А тогда он просто быстро оделся, отказавшись от какой бы то ни было помощи, и тогда же кто‑то из медсестер назвал его Лазарусом[20]. С тех пор он так называл себя сам и почти позабыл, как его звали раньше. На что смерть похожа? Его смерть была похожа на облако, которое до сих пор не исчезло и присутствует где‑то рядом. Где он был за то время, пока был мертв? Он ничего не видел, а когда очнулся, то уже снова оказался здесь. Если хорошенько поднапрячься, то вспоминается, будто была какая‑то борьба. Он вырывался из какой‑то ледяной ванны: рвался, рвался и вырвался.
|
Одевшись, он ушел из больницы: у врачей не было никаких причин удерживать его там силой, он не представлял опасности ни для себя, ни для других, а сам он торопился выполнить обещание. Приехав обратно, он сразу увидел то место, куда попала молния. Там зияла черная, выжженная яма. Плоды на деревьях, которые стояли вокруг нее, стали красными. Минуту он поискал глазами и нашел, что искал.
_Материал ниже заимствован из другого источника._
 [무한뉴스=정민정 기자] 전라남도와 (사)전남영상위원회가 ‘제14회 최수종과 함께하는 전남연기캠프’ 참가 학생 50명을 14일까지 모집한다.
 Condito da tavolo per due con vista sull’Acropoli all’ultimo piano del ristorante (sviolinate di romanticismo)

Немного в стороне от ямы лежала горка пепла. Он сел рядом с ней на корточки, потянул в себя носом воздух. Пепел пахнул серой и мясом. Значит, в его партнера угодила молния и тот сгорел дотла. Это было все, что от него осталось: горка пепла, распавшейся на микроэлементы плоти, и лицо у него на спине.
Лазарус собрал пепел совком для мусора, потом взял деревянный ящик из книжного шкафа и ссыпал пепел туда. Бежать он не собирался, и в мыслях не было: он выполнял свою часть сделки. Сет Джоунс пережил почти всех друзей, старых партнеров можно было сменить на новых, нанимать рабочих – по телефону. Каждую ночь он ходил к тому месту, где покраснели апельсины на ветках. Целый год он честно выполнял все условия сделки, хотя он не подписывался носить на спине лицо. Когда год прошел, его снова потянуло странствовать. Это у него оказалось в крови. Он не создан для оседлой жизни. Но теперь он попался в сети, расставленные обстоятельствами, и жил не свою жизнь, а чужую. Когда же он все отработает, когда истечет договор? Чувство вины поскуливало: кажется, никогда.
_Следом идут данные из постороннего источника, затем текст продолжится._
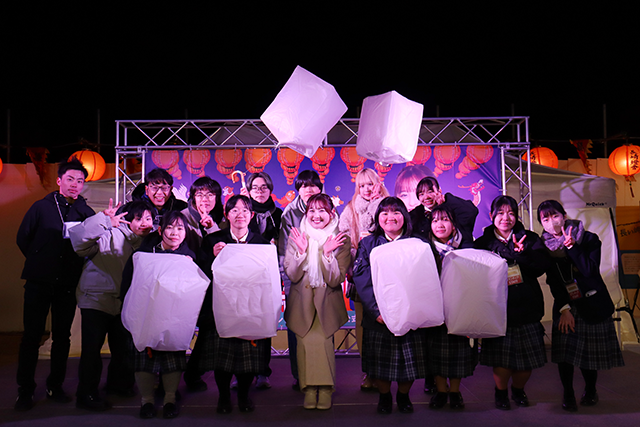当日は、観光アプリ「ストローカル」を運営する株式会社ゼンリンを中心に、本学、諫早商業高等学校、株式会社十八親和銀行、株式会社三菱UFJ銀行が連携し、ボランティアスタッフとして運営を支援しました。強い風が吹く寒空の下にもかかわらず、600名を超える来場者が訪れ、会場は大いににぎわいました。ランタンの温かな灯りが夜空に美しく映え、参加した学生にとっても地域の皆さまと交流を深める貴重な機会となりました。

Лазарус позвал меня в дом и пошел прямиком к книжному шкафу, а я за ним следом. Он взял с полки отделанный кожей деревянный ящичек – свою погибель, свою смертную ношу.
– Ты тоже думаешь, что я убил его? – спросил Лазарус.
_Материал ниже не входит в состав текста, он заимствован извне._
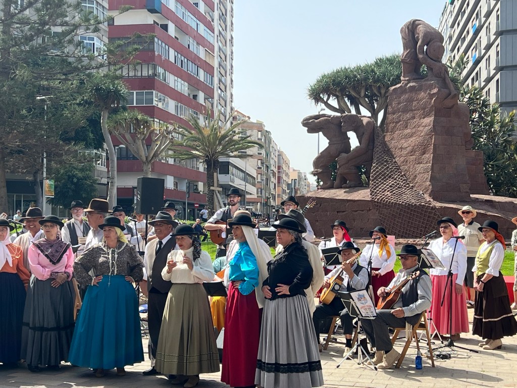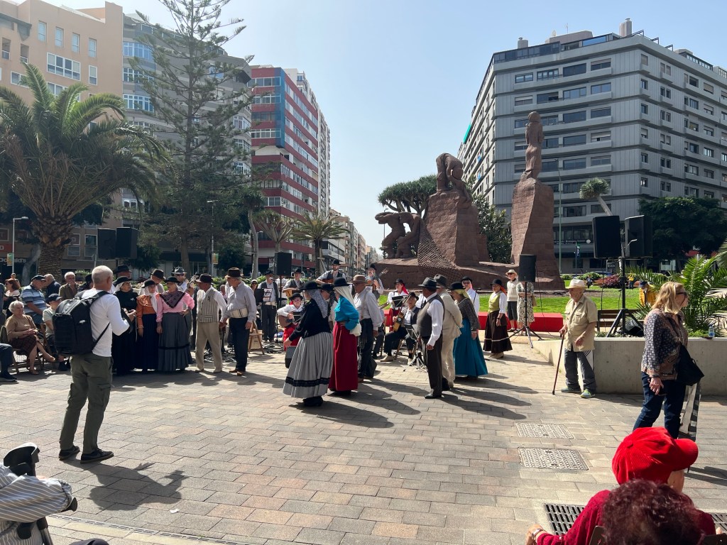 Dagen startade med kanarisk folkmusik och dans på plaza España. De hade nog tömt alla ålderdomshemmen och farbrorn på bilden ackompanjerade hela tiden orkestern med att spela på sin käpp. Lite senare åkte jag med familjen till Alisios där vi åt lunch och handlade liteDärifrån fortsatte vi till Arucas där det var mercadillo i parken.

Привести грузовик с мульчей сюда в тот день мог кто угодно, но приехал именно он. И топнуть ножкой в тот день тоже мог кто угодно, а топнула именно я.
Я взяла ящичек в руки, и он оказался поразительно, на удивление тяжелым. Мы взяли его с собой в сад – нам показалось, что так будет правильно. Над садом плыло темное небо. Мы пошли к пруду, где Джоунс впервые увидел Лазаруса и решил, что это и есть ответ на все его молитвы. Мы разделись, сложили одежду на ящичек и вошли в воду. Пруд был глубокий, вода холодная. Осенью ночи во Флориде не такие жаркие, как летом, а в ту ночь было сыро, в воздухе висела влага, и мы шагнули друг другу навстречу, друг другу в объятия. Я обняла Лазаруса. Неважно, как его звали раньше, – теперь он был Лазарус. И я почувствовала в нем его прежнюю жизнь, другие города, других женщин. Почувствовала, как он жалеет о том своем произнесенном когда‑то желании, жалеет так, что отдал бы все на свете, только бы снова оказаться в своих башмаках и жить свою жизнь.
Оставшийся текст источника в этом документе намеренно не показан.